[Excerpts from a dataset]
============================================================

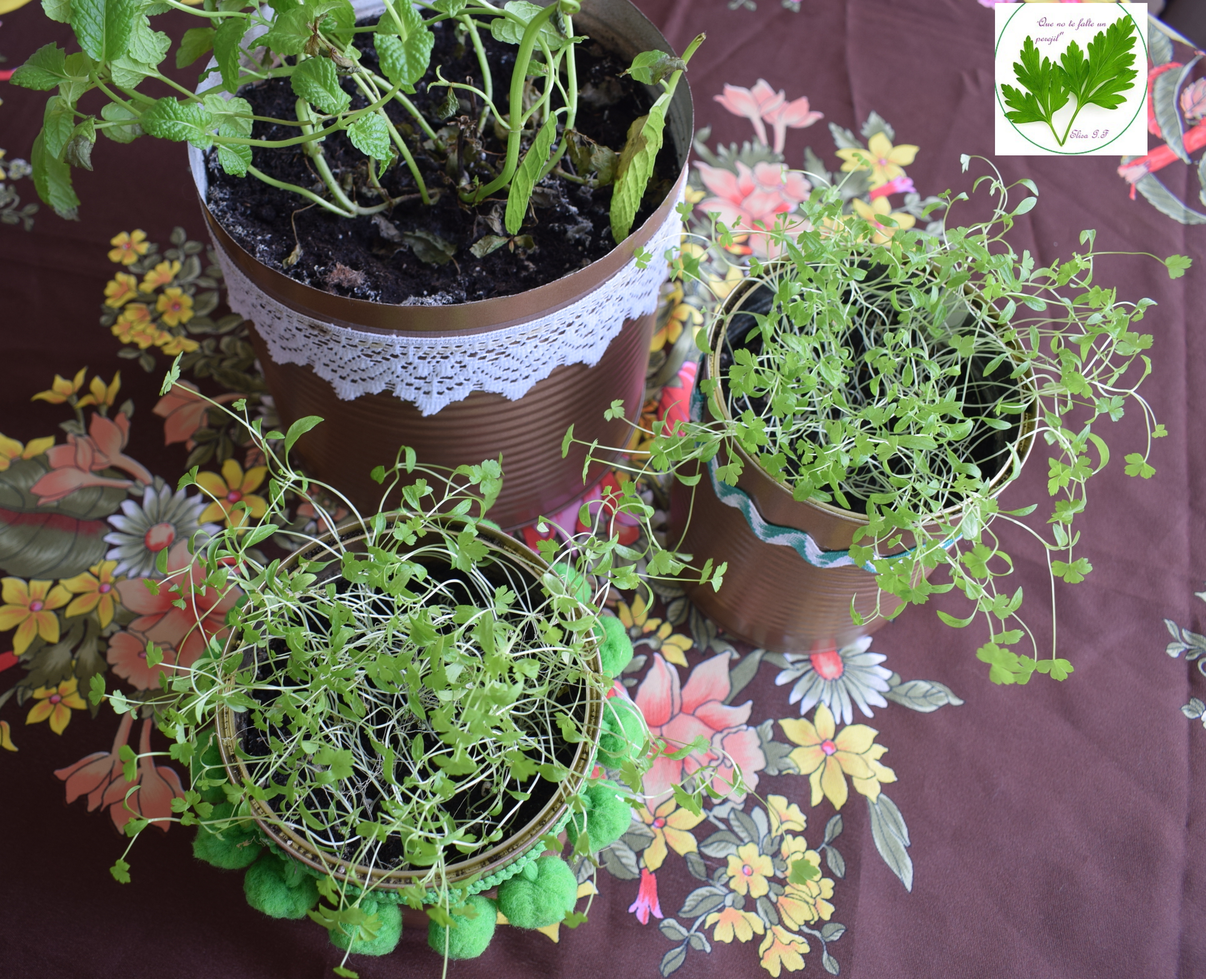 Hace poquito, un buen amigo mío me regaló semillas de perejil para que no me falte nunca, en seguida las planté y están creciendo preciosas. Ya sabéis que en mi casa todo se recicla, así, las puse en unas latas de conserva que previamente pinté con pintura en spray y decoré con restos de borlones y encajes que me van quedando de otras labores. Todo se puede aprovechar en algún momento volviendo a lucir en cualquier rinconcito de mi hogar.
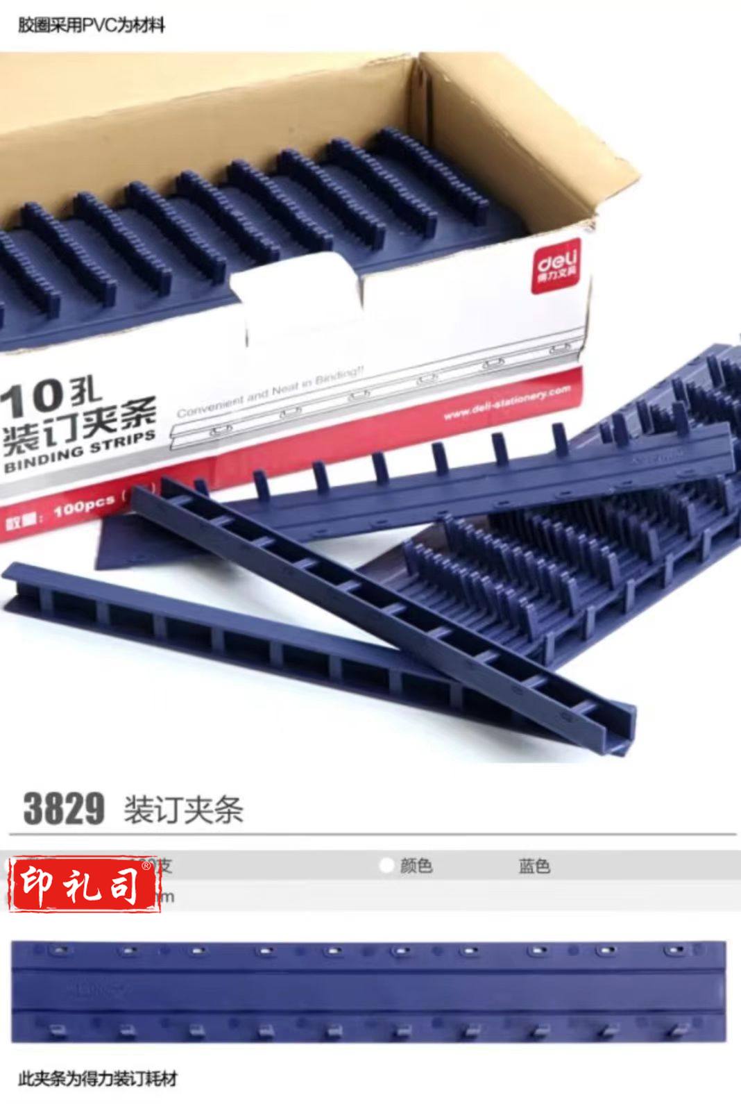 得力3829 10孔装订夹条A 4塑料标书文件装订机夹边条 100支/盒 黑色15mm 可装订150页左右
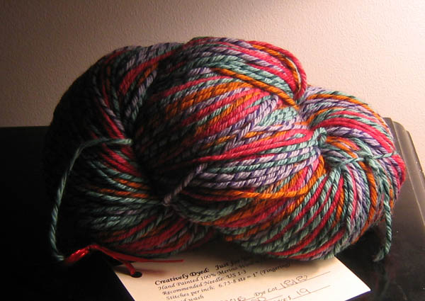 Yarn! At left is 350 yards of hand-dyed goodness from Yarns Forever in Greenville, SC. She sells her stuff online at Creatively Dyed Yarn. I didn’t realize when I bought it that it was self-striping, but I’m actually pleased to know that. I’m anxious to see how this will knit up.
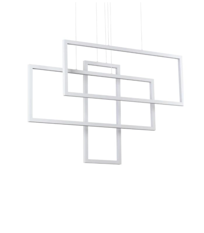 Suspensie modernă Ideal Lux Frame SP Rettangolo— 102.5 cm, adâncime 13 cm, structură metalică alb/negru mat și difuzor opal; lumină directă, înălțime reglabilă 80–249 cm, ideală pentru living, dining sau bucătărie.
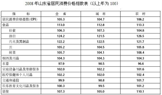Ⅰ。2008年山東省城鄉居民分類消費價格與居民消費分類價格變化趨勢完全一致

============================================================

WORK REQUEST: Give the data above again in full and unchanged, skipping the pictures.

SOLUTION FOR THIS EXERCISE:
 Hace poquito, un buen amigo mío me regaló semillas de perejil para que no me falte nunca, en seguida las planté y están creciendo preciosas. Ya sabéis que en mi casa todo se recicla, así, las puse en unas latas de conserva que previamente pinté con pintura en spray y decoré con restos de borlones y encajes que me van quedando de otras labores. Todo se puede aprovechar en algún momento volviendo a lucir en cualquier rinconcito de mi hogar.
 得力3829 10孔装订夹条A 4塑料标书文件装订机夹边条 100支/盒 黑色15mm 可装订150页左右
 Yarn! At left is 350 yards of hand-dyed goodness from Yarns Forever in Greenville, SC. She sells her stuff online at Creatively Dyed Yarn. I didn’t realize when I bought it that it was self-striping, but I’m actually pleased to know that. I’m anxious to see how this will knit up.
 Suspensie modernă Ideal Lux Frame SP Rettangolo— 102.5 cm, adâncime 13 cm, structură metalică alb/negru mat și difuzor opal; lumină directă, înălțime reglabilă 80–249 cm, ideală pentru living, dining sau bucătărie.
Ⅰ。2008年山東省城鄉居民分類消費價格與居民消費分類價格變化趨勢完全一致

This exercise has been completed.